Problem requirements — In the entries below, begin at the line with "그리고 바깥의 가을 경치를" and stop after the line with "- Accompanied by"; output those lines exactly and omit the pictures.

Supplied records —
+++

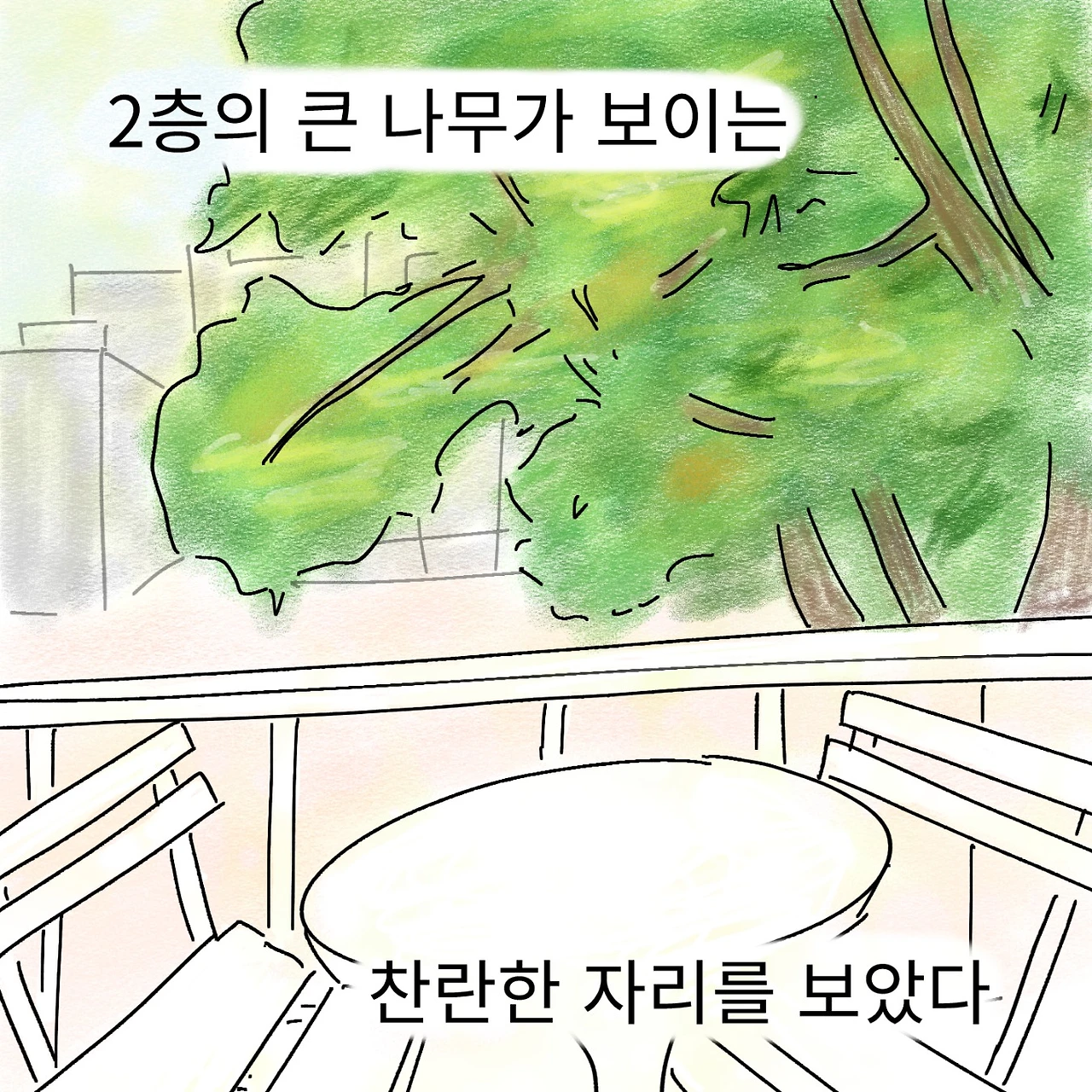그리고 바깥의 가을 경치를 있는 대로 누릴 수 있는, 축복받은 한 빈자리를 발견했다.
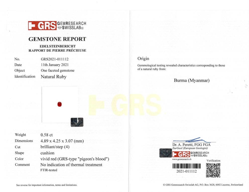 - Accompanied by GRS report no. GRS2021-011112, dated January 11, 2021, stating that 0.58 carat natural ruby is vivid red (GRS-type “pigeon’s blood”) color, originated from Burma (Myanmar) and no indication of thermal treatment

+++

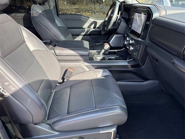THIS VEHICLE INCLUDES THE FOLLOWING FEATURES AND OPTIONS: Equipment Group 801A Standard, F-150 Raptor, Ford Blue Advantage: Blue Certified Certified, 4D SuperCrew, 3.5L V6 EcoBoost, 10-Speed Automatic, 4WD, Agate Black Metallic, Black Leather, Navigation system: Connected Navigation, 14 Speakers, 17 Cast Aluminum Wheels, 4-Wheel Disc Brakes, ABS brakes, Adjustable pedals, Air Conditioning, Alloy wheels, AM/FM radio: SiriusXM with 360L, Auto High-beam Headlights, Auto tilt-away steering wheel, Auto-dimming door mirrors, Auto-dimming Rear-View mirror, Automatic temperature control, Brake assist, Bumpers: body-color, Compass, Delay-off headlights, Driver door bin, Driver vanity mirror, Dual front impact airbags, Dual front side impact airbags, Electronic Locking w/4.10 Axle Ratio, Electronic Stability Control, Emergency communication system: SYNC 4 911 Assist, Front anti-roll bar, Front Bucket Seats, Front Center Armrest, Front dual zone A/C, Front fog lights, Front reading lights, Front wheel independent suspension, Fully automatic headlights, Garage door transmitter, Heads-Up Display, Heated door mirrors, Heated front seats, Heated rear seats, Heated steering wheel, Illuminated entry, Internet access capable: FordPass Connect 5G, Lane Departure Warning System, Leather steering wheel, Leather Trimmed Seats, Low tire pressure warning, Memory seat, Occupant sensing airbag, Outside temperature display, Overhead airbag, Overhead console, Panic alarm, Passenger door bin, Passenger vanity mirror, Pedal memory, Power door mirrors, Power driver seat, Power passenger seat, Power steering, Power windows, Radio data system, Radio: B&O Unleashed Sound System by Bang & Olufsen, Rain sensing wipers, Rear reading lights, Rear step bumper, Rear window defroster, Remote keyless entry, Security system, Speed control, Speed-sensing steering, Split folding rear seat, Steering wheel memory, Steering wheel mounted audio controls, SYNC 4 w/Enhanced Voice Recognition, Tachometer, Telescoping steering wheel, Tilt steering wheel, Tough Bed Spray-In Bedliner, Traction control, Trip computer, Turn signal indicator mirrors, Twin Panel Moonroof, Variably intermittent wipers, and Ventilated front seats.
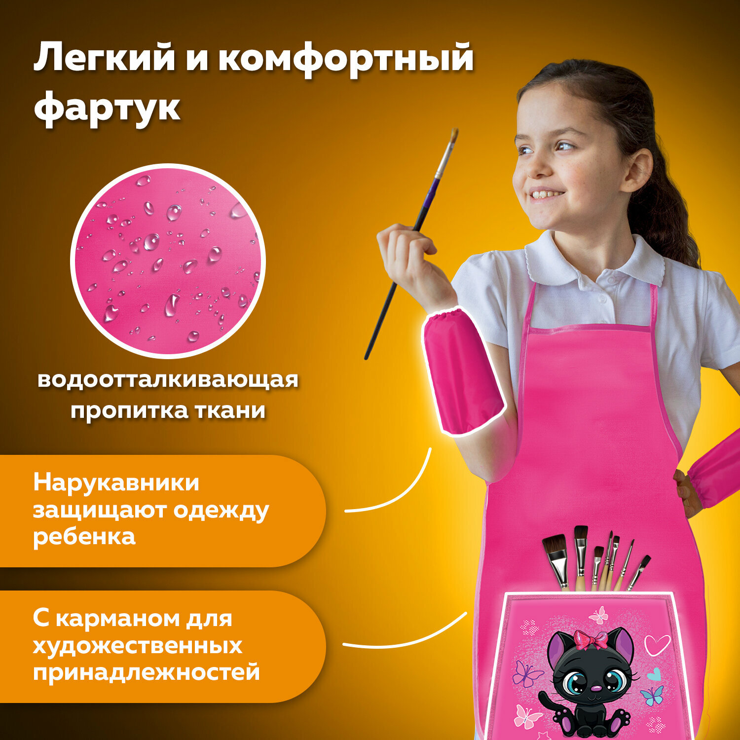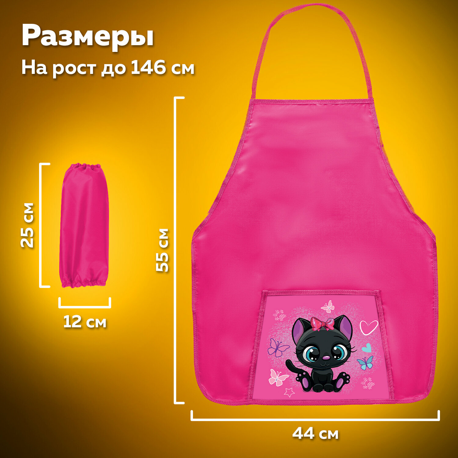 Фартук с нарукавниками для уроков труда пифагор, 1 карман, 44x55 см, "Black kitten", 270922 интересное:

+++

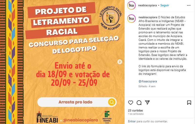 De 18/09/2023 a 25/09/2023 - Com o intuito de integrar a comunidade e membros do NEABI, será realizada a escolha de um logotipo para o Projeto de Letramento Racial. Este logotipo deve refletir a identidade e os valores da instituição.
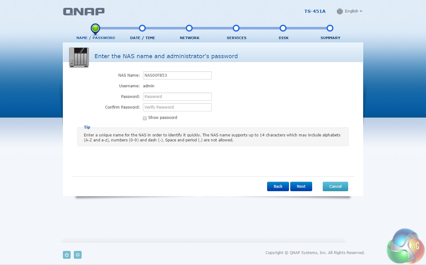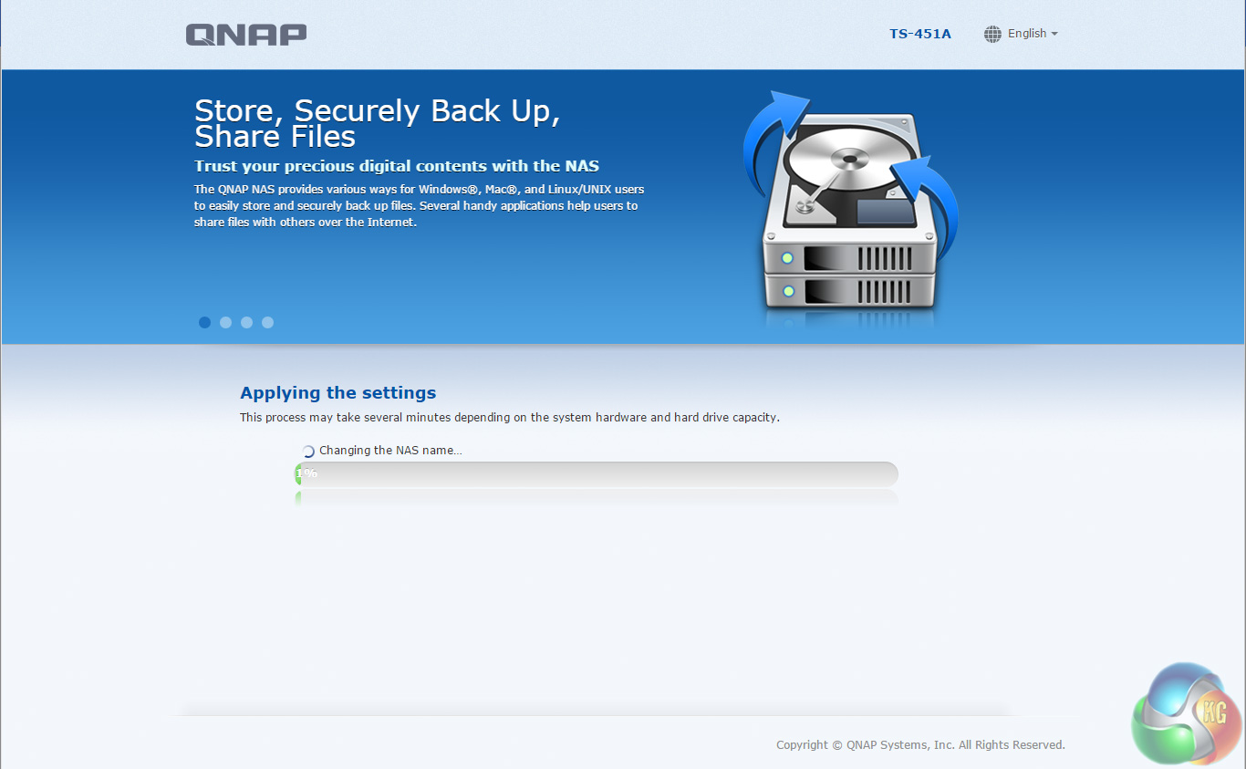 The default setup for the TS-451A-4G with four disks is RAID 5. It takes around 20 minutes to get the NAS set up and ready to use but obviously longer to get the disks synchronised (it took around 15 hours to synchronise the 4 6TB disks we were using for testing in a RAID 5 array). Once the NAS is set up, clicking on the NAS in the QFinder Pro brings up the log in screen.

+++

Solution to this exercise —
그리고 바깥의 가을 경치를 있는 대로 누릴 수 있는, 축복받은 한 빈자리를 발견했다.
 - Accompanied by GRS report no. GRS2021-011112, dated January 11, 2021, stating that 0.58 carat natural ruby is vivid red (GRS-type “pigeon’s blood”) color, originated from Burma (Myanmar) and no indication of thermal treatment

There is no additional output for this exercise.